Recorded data
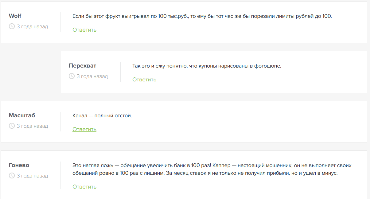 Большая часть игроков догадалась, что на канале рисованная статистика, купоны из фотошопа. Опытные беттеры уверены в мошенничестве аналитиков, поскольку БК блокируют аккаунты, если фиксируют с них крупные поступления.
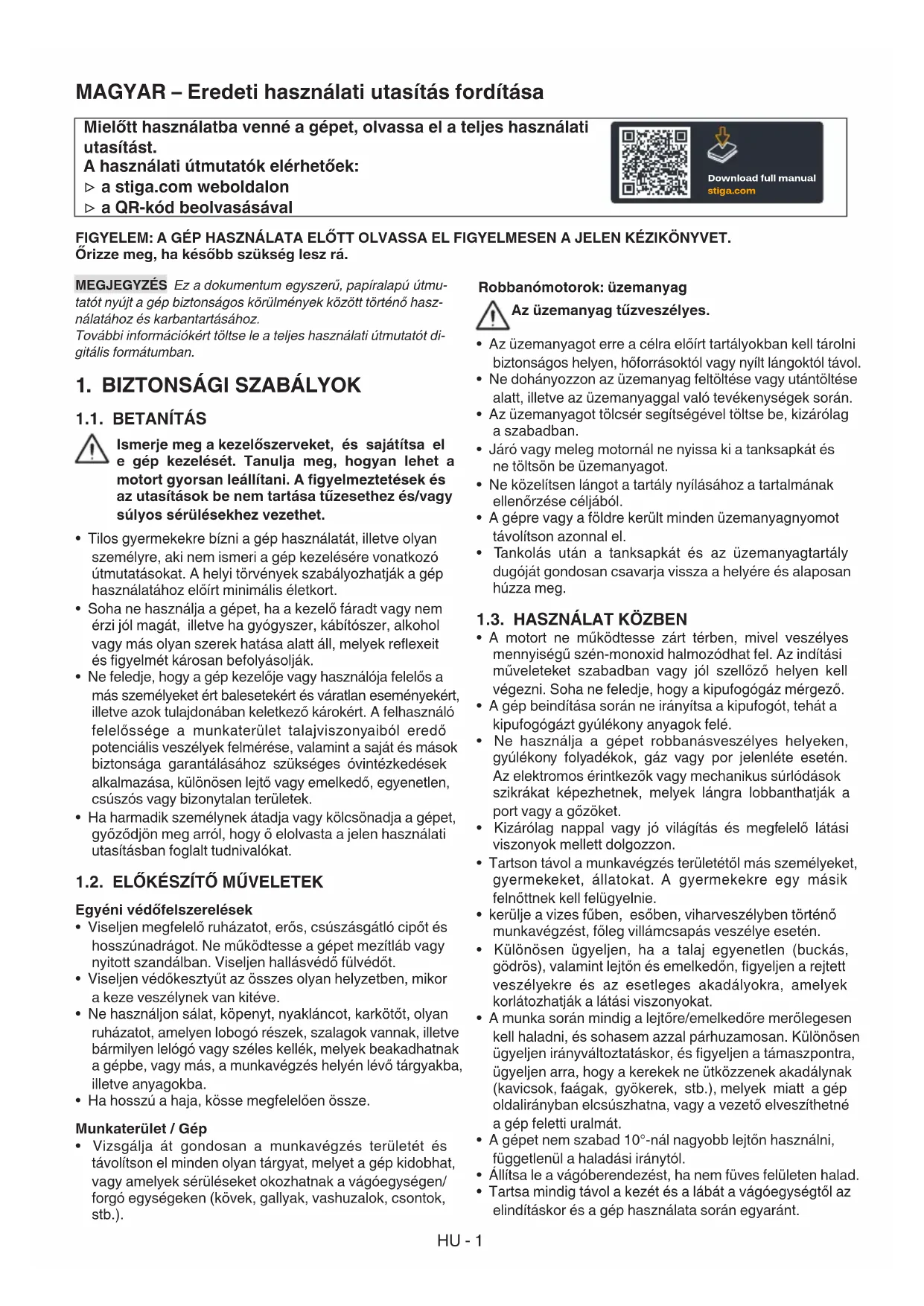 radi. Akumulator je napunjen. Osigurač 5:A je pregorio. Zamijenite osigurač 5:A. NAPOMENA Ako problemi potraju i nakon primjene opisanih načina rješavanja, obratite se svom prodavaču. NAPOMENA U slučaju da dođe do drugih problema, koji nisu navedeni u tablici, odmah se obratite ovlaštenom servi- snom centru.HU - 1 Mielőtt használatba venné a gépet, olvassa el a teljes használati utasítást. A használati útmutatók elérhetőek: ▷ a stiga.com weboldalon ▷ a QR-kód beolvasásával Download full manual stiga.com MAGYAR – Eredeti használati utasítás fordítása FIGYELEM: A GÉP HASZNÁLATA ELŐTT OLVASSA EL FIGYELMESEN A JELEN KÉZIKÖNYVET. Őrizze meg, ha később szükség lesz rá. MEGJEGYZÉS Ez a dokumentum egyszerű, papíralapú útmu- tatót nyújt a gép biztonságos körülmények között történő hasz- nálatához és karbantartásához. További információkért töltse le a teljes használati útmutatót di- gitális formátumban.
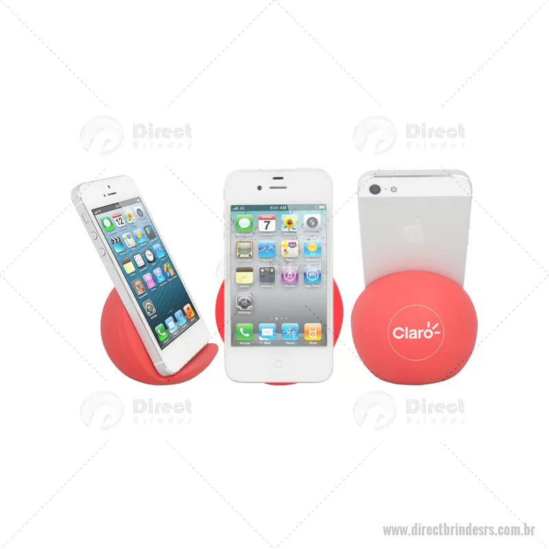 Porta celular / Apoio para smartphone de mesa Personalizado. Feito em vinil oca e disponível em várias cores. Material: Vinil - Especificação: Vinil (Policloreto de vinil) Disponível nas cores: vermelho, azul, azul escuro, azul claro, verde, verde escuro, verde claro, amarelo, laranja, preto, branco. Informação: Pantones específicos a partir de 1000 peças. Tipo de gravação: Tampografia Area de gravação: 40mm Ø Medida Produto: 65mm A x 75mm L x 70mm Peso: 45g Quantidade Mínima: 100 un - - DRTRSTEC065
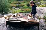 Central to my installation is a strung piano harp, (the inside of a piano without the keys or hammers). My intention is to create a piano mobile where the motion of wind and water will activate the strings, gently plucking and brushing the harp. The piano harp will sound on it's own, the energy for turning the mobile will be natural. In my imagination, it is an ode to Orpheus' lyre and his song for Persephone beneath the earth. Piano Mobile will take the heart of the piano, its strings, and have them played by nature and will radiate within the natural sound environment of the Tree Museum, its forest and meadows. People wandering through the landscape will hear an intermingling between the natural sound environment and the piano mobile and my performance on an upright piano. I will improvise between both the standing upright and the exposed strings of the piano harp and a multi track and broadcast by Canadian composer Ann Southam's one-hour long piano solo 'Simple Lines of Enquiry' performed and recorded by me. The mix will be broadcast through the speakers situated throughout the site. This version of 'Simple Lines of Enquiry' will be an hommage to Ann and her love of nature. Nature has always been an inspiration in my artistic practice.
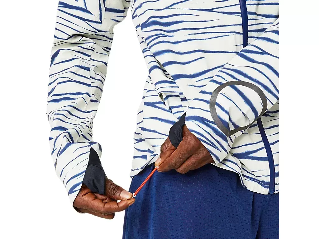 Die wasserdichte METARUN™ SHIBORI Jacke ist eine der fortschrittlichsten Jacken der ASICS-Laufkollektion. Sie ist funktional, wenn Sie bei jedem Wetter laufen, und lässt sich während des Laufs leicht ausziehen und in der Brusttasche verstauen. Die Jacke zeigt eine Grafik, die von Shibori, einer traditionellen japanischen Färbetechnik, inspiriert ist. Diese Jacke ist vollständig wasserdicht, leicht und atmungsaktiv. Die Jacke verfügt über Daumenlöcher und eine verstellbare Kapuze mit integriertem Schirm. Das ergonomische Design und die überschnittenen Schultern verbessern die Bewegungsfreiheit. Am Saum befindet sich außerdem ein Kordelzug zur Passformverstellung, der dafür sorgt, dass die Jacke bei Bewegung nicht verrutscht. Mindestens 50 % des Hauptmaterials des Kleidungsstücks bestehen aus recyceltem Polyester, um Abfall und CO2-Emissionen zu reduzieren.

## Exercise:
Across all the lines above, repeat the wording exactly and omit the pictures.

## Written answer:
 Большая часть игроков догадалась, что на канале рисованная статистика, купоны из фотошопа. Опытные беттеры уверены в мошенничестве аналитиков, поскольку БК блокируют аккаунты, если фиксируют с них крупные поступления.
 radi. Akumulator je napunjen. Osigurač 5:A je pregorio. Zamijenite osigurač 5:A. NAPOMENA Ako problemi potraju i nakon primjene opisanih načina rješavanja, obratite se svom prodavaču. NAPOMENA U slučaju da dođe do drugih problema, koji nisu navedeni u tablici, odmah se obratite ovlaštenom servi- snom centru.HU - 1 Mielőtt használatba venné a gépet, olvassa el a teljes használati utasítást. A használati útmutatók elérhetőek: ▷ a stiga.com weboldalon ▷ a QR-kód beolvasásával Download full manual stiga.com MAGYAR – Eredeti használati utasítás fordítása FIGYELEM: A GÉP HASZNÁLATA ELŐTT OLVASSA EL FIGYELMESEN A JELEN KÉZIKÖNYVET. Őrizze meg, ha később szükség lesz rá. MEGJEGYZÉS Ez a dokumentum egyszerű, papíralapú útmu- tatót nyújt a gép biztonságos körülmények között történő hasz- nálatához és karbantartásához. További információkért töltse le a teljes használati útmutatót di- gitális formátumban.
 Porta celular / Apoio para smartphone de mesa Personalizado. Feito em vinil oca e disponível em várias cores. Material: Vinil - Especificação: Vinil (Policloreto de vinil) Disponível nas cores: vermelho, azul, azul escuro, azul claro, verde, verde escuro, verde claro, amarelo, laranja, preto, branco. Informação: Pantones específicos a partir de 1000 peças. Tipo de gravação: Tampografia Area de gravação: 40mm Ø Medida Produto: 65mm A x 75mm L x 70mm Peso: 45g Quantidade Mínima: 100 un - - DRTRSTEC065
 Central to my installation is a strung piano harp, (the inside of a piano without the keys or hammers). My intention is to create a piano mobile where the motion of wind and water will activate the strings, gently plucking and brushing the harp. The piano harp will sound on it's own, the energy for turning the mobile will be natural. In my imagination, it is an ode to Orpheus' lyre and his song for Persephone beneath the earth. Piano Mobile will take the heart of the piano, its strings, and have them played by nature and will radiate within the natural sound environment of the Tree Museum, its forest and meadows. People wandering through the landscape will hear an intermingling between the natural sound environment and the piano mobile and my performance on an upright piano. I will improvise between both the standing upright and the exposed strings of the piano harp and a multi track and broadcast by Canadian composer Ann Southam's one-hour long piano solo 'Simple Lines of Enquiry' performed and recorded by me. The mix will be broadcast through the speakers situated throughout the site. This version of 'Simple Lines of Enquiry' will be an hommage to Ann and her love of nature. Nature has always been an inspiration in my artistic practice.
 Die wasserdichte METARUN™ SHIBORI Jacke ist eine der fortschrittlichsten Jacken der ASICS-Laufkollektion. Sie ist funktional, wenn Sie bei jedem Wetter laufen, und lässt sich während des Laufs leicht ausziehen und in der Brusttasche verstauen. Die Jacke zeigt eine Grafik, die von Shibori, einer traditionellen japanischen Färbetechnik, inspiriert ist. Diese Jacke ist vollständig wasserdicht, leicht und atmungsaktiv. Die Jacke verfügt über Daumenlöcher und eine verstellbare Kapuze mit integriertem Schirm. Das ergonomische Design und die überschnittenen Schultern verbessern die Bewegungsfreiheit. Am Saum befindet sich außerdem ein Kordelzug zur Passformverstellung, der dafür sorgt, dass die Jacke bei Bewegung nicht verrutscht. Mindestens 50 % des Hauptmaterials des Kleidungsstücks bestehen aus recyceltem Polyester, um Abfall und CO2-Emissionen zu reduzieren.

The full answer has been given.